For “the next 50 years,” chief exec David Dickson sees McDermott expanding its offshore and subsea capacity at Al Khair to serve subsea markets from East Africa to the India. “The future fabrication is expected to provide up to 16 million manhours of capacity, up from eight million manhours” at McDermott’s Jebel Ali facilities. Mr. Dickson says he supports the Saudis’ Vision 2030 and Saudi Aramco’s In-Kingdom Total Value Add program, or IKTVA, aimed at 51-percent local content by 2021.

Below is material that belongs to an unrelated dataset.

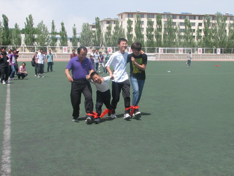 活动中,韩瑞平老师也兴致勃勃的参加了绑腿跑比赛,在老师和同学们的共同努力下,本次活动获得了圆满成功。

Hyundai at Khair won’t be limited to big builds and will sell 2-stroke and 4-stroke engines and pumps with on-site manufacturing. “Very large and small vessels” are to be served, Aramco says. “The new JV will also operate under a MAN-HHI sublicense for the manufacturing and servicing of 2-stroke engines.” 
Shipping Circles
Bahri, the largest VLCC owner in the world, will pay $139 million for 20 percent of the shipyard JV. VLCC builder, Hyandai, will front $70 million for 10 percent. Mr. McDonald, now Lamprell’s outgoing chief exec, estimates Bahri will buy three-quarters of its oceangoing vessels from the JV over 10 years, or no less than 50 vessels, many of them VLCCs. 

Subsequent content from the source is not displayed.